- **Exercise goal**: Could you copy exactly the lines from the one containing "B. Jordan担任开场嘉宾的SNL周六夜现场表演;甚至还有一个COLORS SHOW现场。" through the last line of the records below, leaving out any pictures?

= = = = =

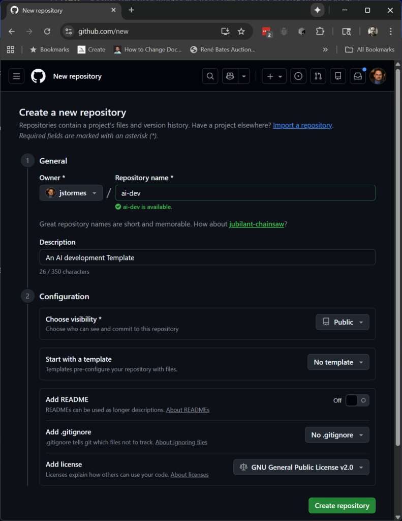 Below that will be the name we want to give our service. In this case we will name the first service ai-dev.
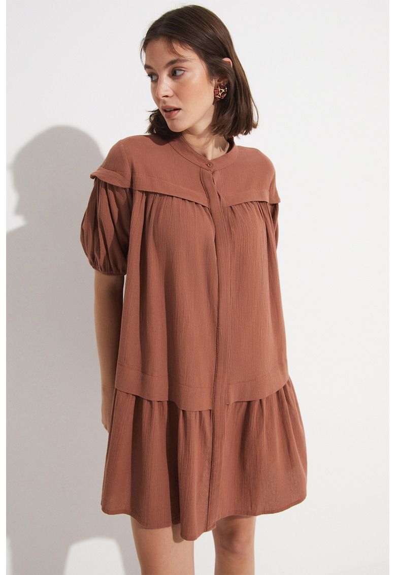 Caracteristici Culoare: maro scortisoara Stil: casual Material: bumbac - in Imprimeu: uni Croiala: evazat Lungime: scurta Lungime maneca: maneca scurta Compozitie Exterior: 70% bumbac - 30% in
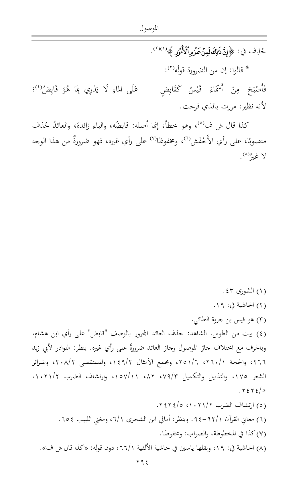 (¬٤) بيت من الطويل. الشاهد: حذف العائد المجرور بالوصف "قابض" على رأي ابن هشام، وبالحرف مع اختلاف جارّ الموصول وجارّ العائد ضرورةً على رأي غيره. ينظر: النوادر لأبي زيد ٢٦٦، والحجة ١/ ٢٦٠، ٦/ ٢٥١، ومجمع الأمثال ٢/ ١٤٩، والمستقصى ٢/ ٢٠٨، وضرائر الشعر ١٧٥، والتذييل والتكميل ٣/ ٧٩، ٨٢، ١١/ ١٥٧، وارتشاف الضرب ٢/ ١٠٢١، ٥/ ٢٤٢٤.
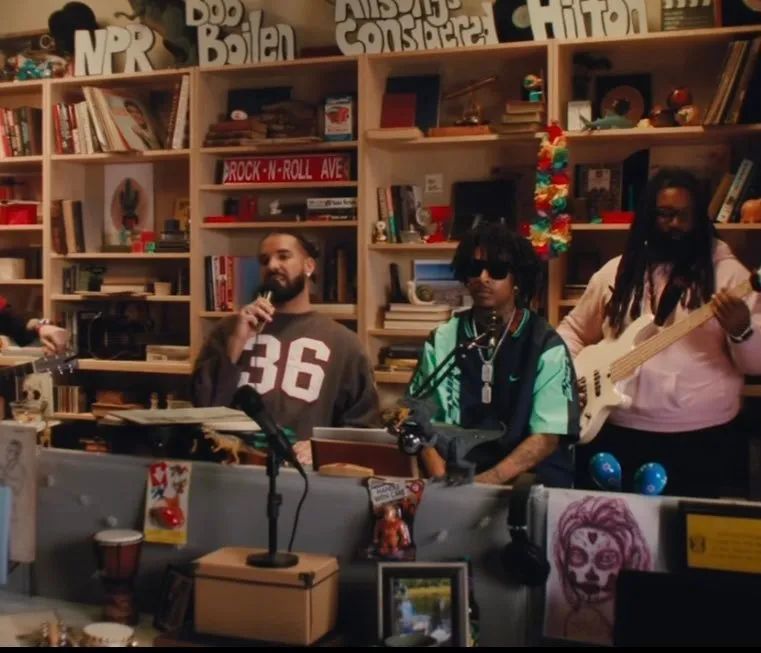 比如Drake和21 Savage发布了NPR小桌音乐会的现场预告片;两人一起登上封面的《Vogue》杂志、一个《Vogue》视频片段、以及一个《The Howard Stern Show》采访片段;由Michael B. Jordan担任开场嘉宾的SNL周六夜现场表演;甚至还有一个COLORS SHOW现场。
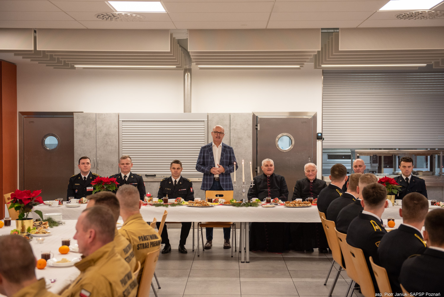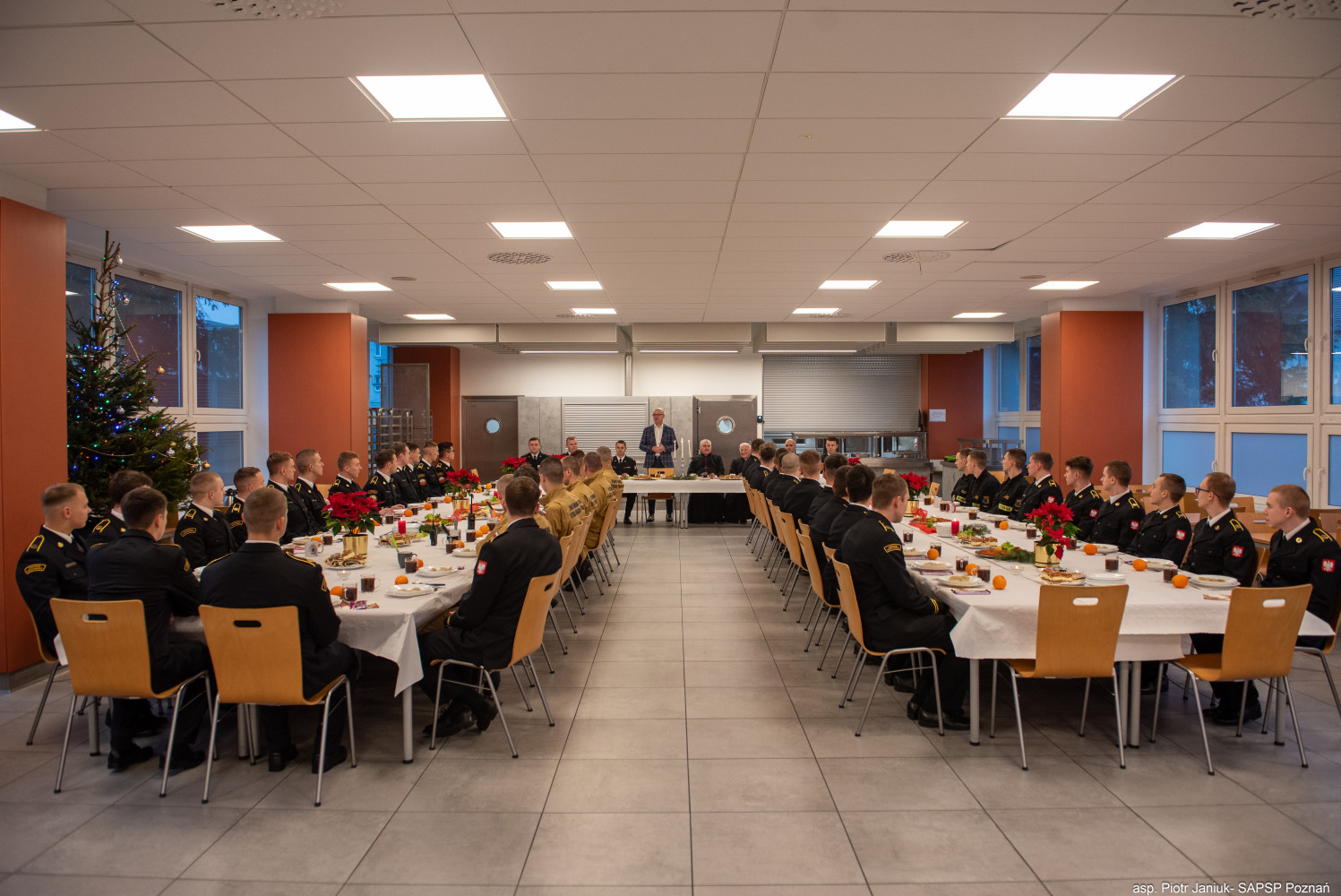 24 grudnia 2024 roku w Szkole Aspirantów Państwowej Straży Pożarnej w Poznaniu, została zorganizowana wieczerza wigilijna, w której uczestniczył Komendant Szkoły st. bryg. mgr inż. Andrzej Zajączkowski wraz z Zastępcą Komendanta Szkoły bryg. mgr inż. Przemysławem Berusem.
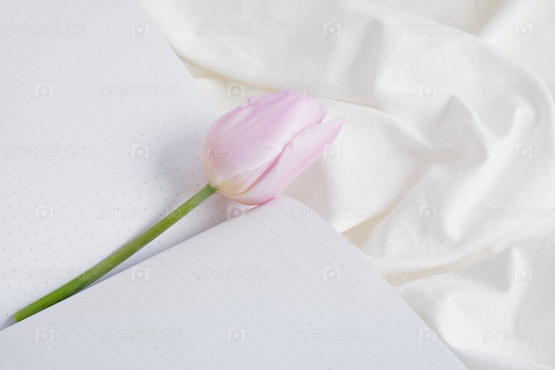 Тюльпан и блокнот на белом постельном белье

= = = = =

- **Answer to this task**:
 比如Drake和21 Savage发布了NPR小桌音乐会的现场预告片;两人一起登上封面的《Vogue》杂志、一个《Vogue》视频片段、以及一个《The Howard Stern Show》采访片段;由Michael B. Jordan担任开场嘉宾的SNL周六夜现场表演;甚至还有一个COLORS SHOW现场。
 24 grudnia 2024 roku w Szkole Aspirantów Państwowej Straży Pożarnej w Poznaniu, została zorganizowana wieczerza wigilijna, w której uczestniczył Komendant Szkoły st. bryg. mgr inż. Andrzej Zajączkowski wraz z Zastępcą Komendanta Szkoły bryg. mgr inż. Przemysławem Berusem.
 Тюльпан и блокнот на белом постельном белье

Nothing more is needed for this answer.